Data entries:
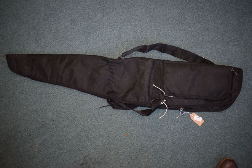 Black padded rifle slip with carry handles and shoulder strap, fitted external pocket.
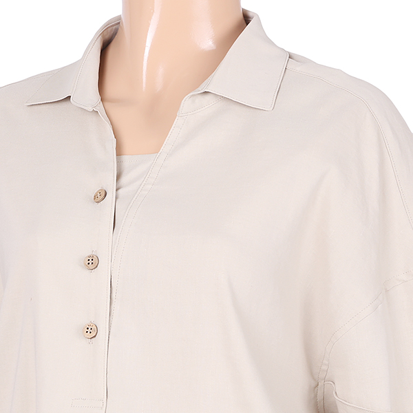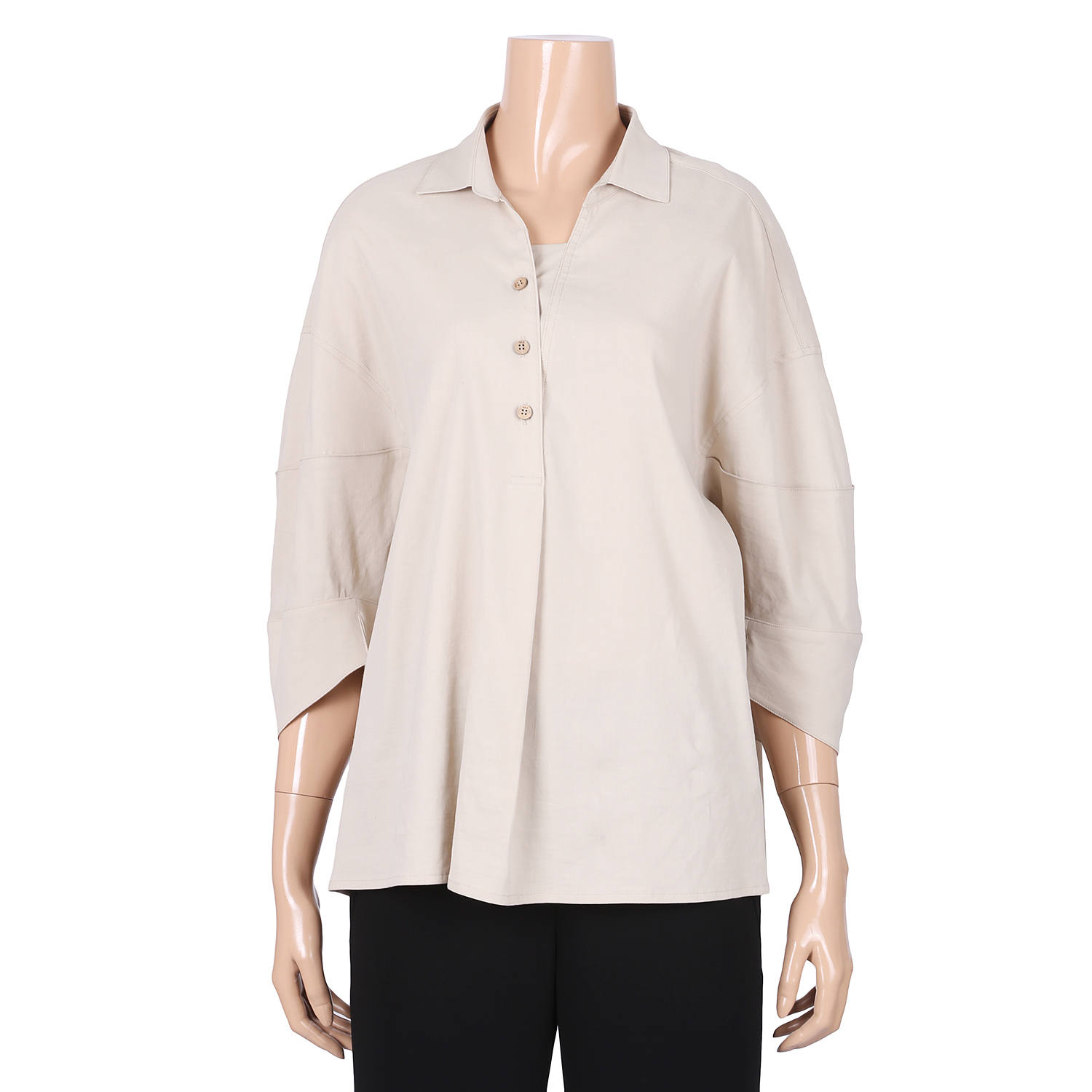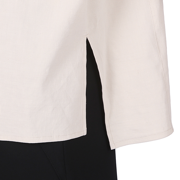 이 제품은 기본형의카라의 심플함과 앞섶 앞트임느낌과 안단과 단추의정갈함과 자연스러운 주름의 여성스러움과 귀여움이 있으며
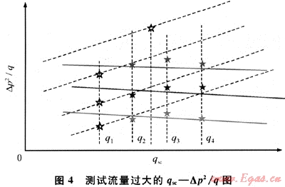 測(cè)試流量過(guò)大會(huì)導(dǎo)致地層能量供應(yīng)“滯后”,這種影響體現(xiàn)在隨著時(shí)間進(jìn)行,供氣半徑不擴(kuò)大,形成“局部供氣”現(xiàn)象,造成流壓快速下降,以致產(chǎn)能曲線(xiàn)上測(cè)量定點(diǎn)偏離正常曲線(xiàn),甚至出現(xiàn)負(fù)斜率問(wèn)題(圖4)。
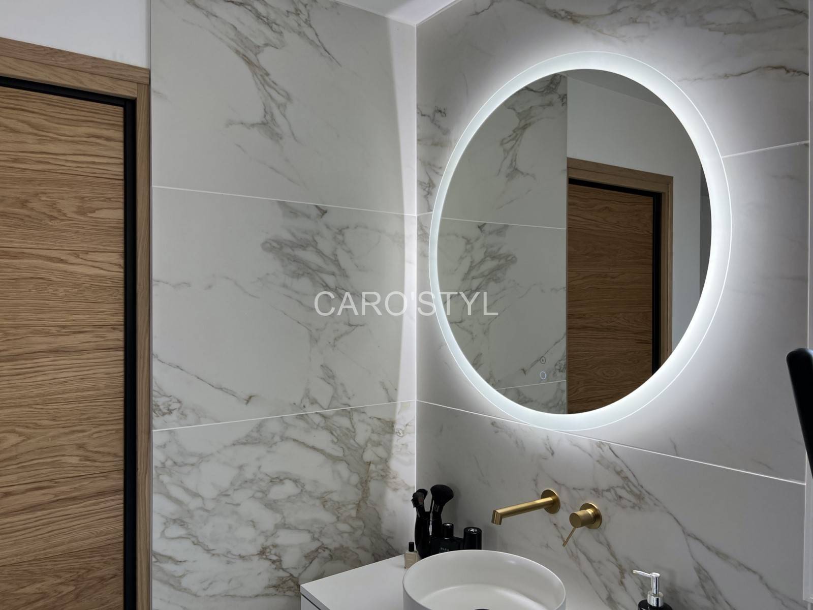 De plus, nous retrouvons un miroir rétroéclairé moderne qui va suivre les lignes épurées de ce marbre.
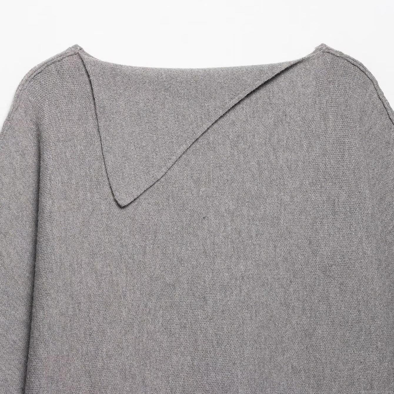 Solid Color, Splice, Knitted Texture, Irregular Neckline

INSTRUCTIONS FOR THE TASK:
For your answer, write out the data exactly and drop every picture.

OUTPUT OF THE EXERCISE:
 Black padded rifle slip with carry handles and shoulder strap, fitted external pocket.
 이 제품은 기본형의카라의 심플함과 앞섶 앞트임느낌과 안단과 단추의정갈함과 자연스러운 주름의 여성스러움과 귀여움이 있으며
 測(cè)試流量過(guò)大會(huì)導(dǎo)致地層能量供應(yīng)“滯后”,這種影響體現(xiàn)在隨著時(shí)間進(jìn)行,供氣半徑不擴(kuò)大,形成“局部供氣”現(xiàn)象,造成流壓快速下降,以致產(chǎn)能曲線(xiàn)上測(cè)量定點(diǎn)偏離正常曲線(xiàn),甚至出現(xiàn)負(fù)斜率問(wèn)題(圖4)。
 De plus, nous retrouvons un miroir rétroéclairé moderne qui va suivre les lignes épurées de ce marbre.
 Solid Color, Splice, Knitted Texture, Irregular Neckline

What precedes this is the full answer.